Thanks Kate for the kind comments about the good that I do in the community – but that wasn’t the point I was trying to make!
That section of the post was about the way in which my faith, my world view, comes under test because of the circumstances in which I find myself working.
I claim that, for example, God has a loving attitude towards humanity, and that Jesus is portrayed throughout the Bible as a Good Shepherd – he cares for the young and tends the lame etc. That’s a great theory, one might say, and in a vacuum would be a nice, warm, comfortable faith to hold.
Why I was mentioning bereaved parents was that, in my work context, I come up against extremes of suffering and depths of pain, and naturally at times like that I have to re-evaluate what I believe, for two reasons. First, because I want to be honest and whole-hearted – I want to know if what I believe is true, at it simplest level. So I have to look at, in my head and in my heart, what I mean by saying “Jesus is a Good Shepherd” to make sure that I do still hold it to be true, even when seeing a broken-hearted young couple in depths of grief. And second, I need to re-assess my belief so that what I say to such a couple is not a pack of lies, not a “pie-in-the-sky” fabrication, but is something which they might test and come to rely on in their need. If I offered them something that was trite and which I knew to be false I would be not only lying, but I would be making a tragic situation worse!

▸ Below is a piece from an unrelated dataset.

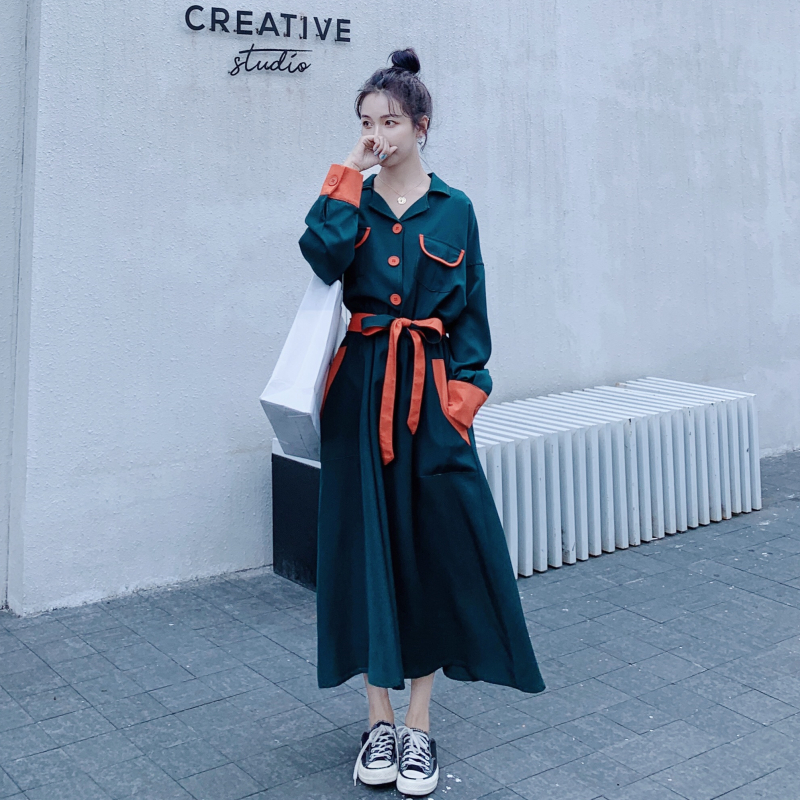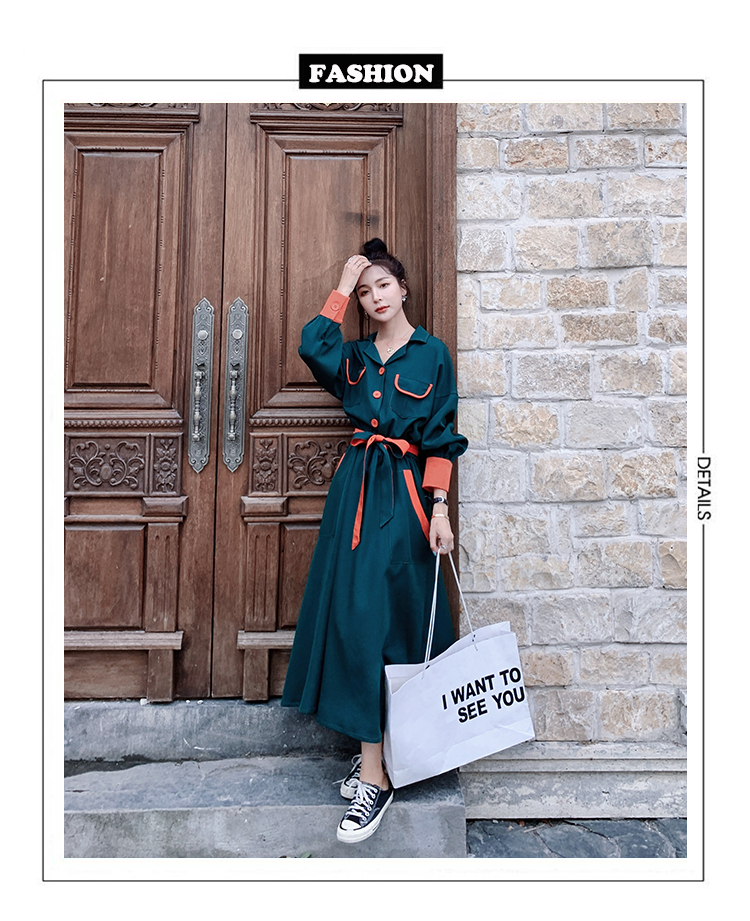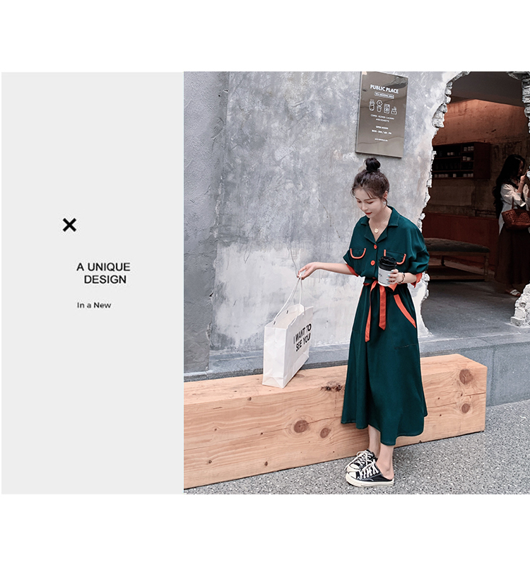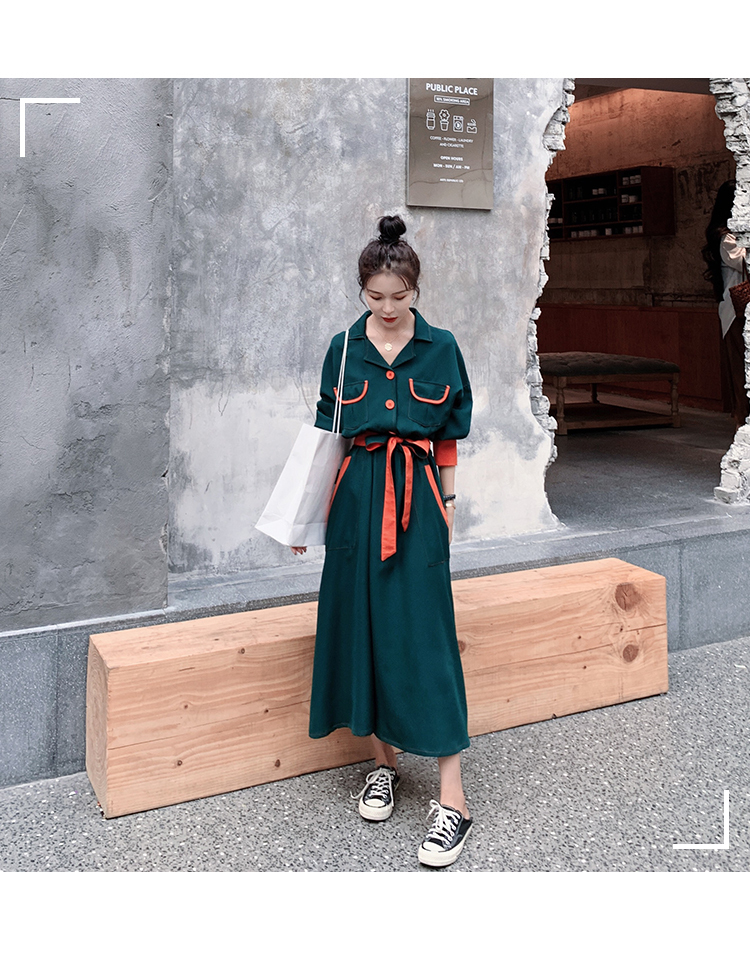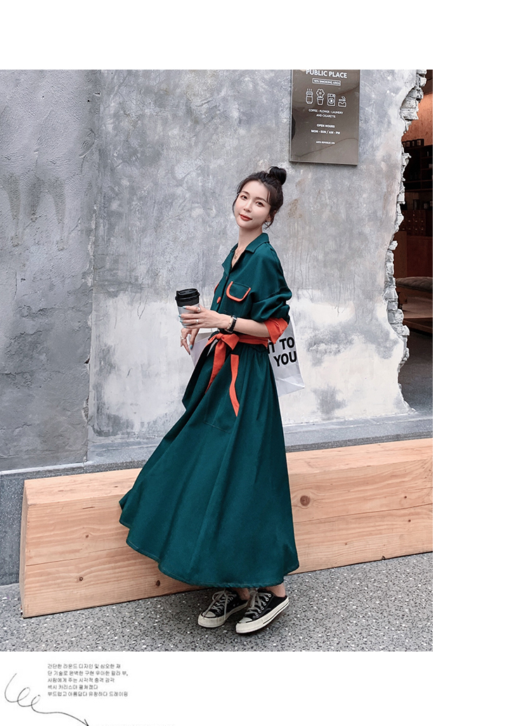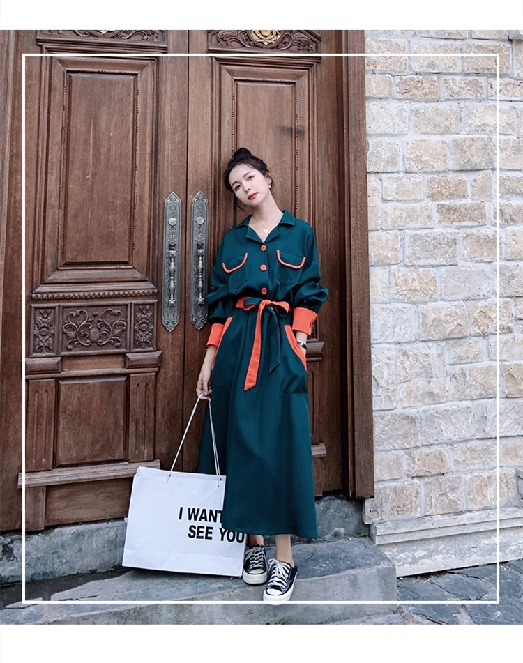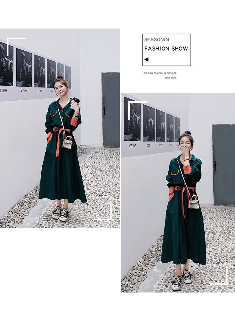 獨家訂製│韓系氣質感撞色收腰繫帶雪紡連衣裙(01H5554)

To try then to answer some of your questions – and to throw in the odd challenge myself!

Yes of course at one level it is fair to say that I posted “It works for me” – but then that is what you put in your “Why I am …” you in effect said that you are happy with your world view. We would expect no less of each other.
But I would also claim that the Christian world view that I hold is not just subjectively tenable, but I would make a stronger statement – that it is a philosophically valid world view that can be tested against all other faiths and philosophies, and put alongside other “explanations” of the world we experience, and shown to be internally consistent and strongly coherent.
Then you ask “How might I persuade someone to become a Christian?”, which is a different question again. Saying that it is a valid “world view” is of course important – I wouldn’t, and neither would you, go about trying to sign people up to something we knew to be false! You won’t find me shouting “Join the Big Society – it works!” or “Follow Hereford United – they are the greatest football team in England”
For someone to become a Christian they don’t need to accept every word of the Bible, or to try to reconcile in their minds the claims of string theory over against images in John’s vision of heaven in the book of Revelation. To be a Christian believer means, I think, to acknowledge one’s need of God – to accept that without God’s help I will remain self-centred (and sinful); that by God’s grace through Jesus Christ I can be not just given strength day by day but also set free from sin and death.
So to become a Christian requires an attitude of heart and mind that are willing to admit their limitations and to submit to a greater wisdom.

Now a question for you!
Where do you stand on the “Atheists have beliefs of their own” debate? I know that Dawkins has been quoted – and I don’t know if this is true or not – as stating that he favours the “multi-verse” interpretation of the Big Bang processes, and that he has been challenged to defend why this is not a “belief” – so far I think he has done so without convincing anyone!
I know you “believe” in, for example, honesty at work, and the universal right to freedom of political expression – and from our long discussions on the subject, that the world-wide internet community doesn’t need regulating!
Are these beliefs?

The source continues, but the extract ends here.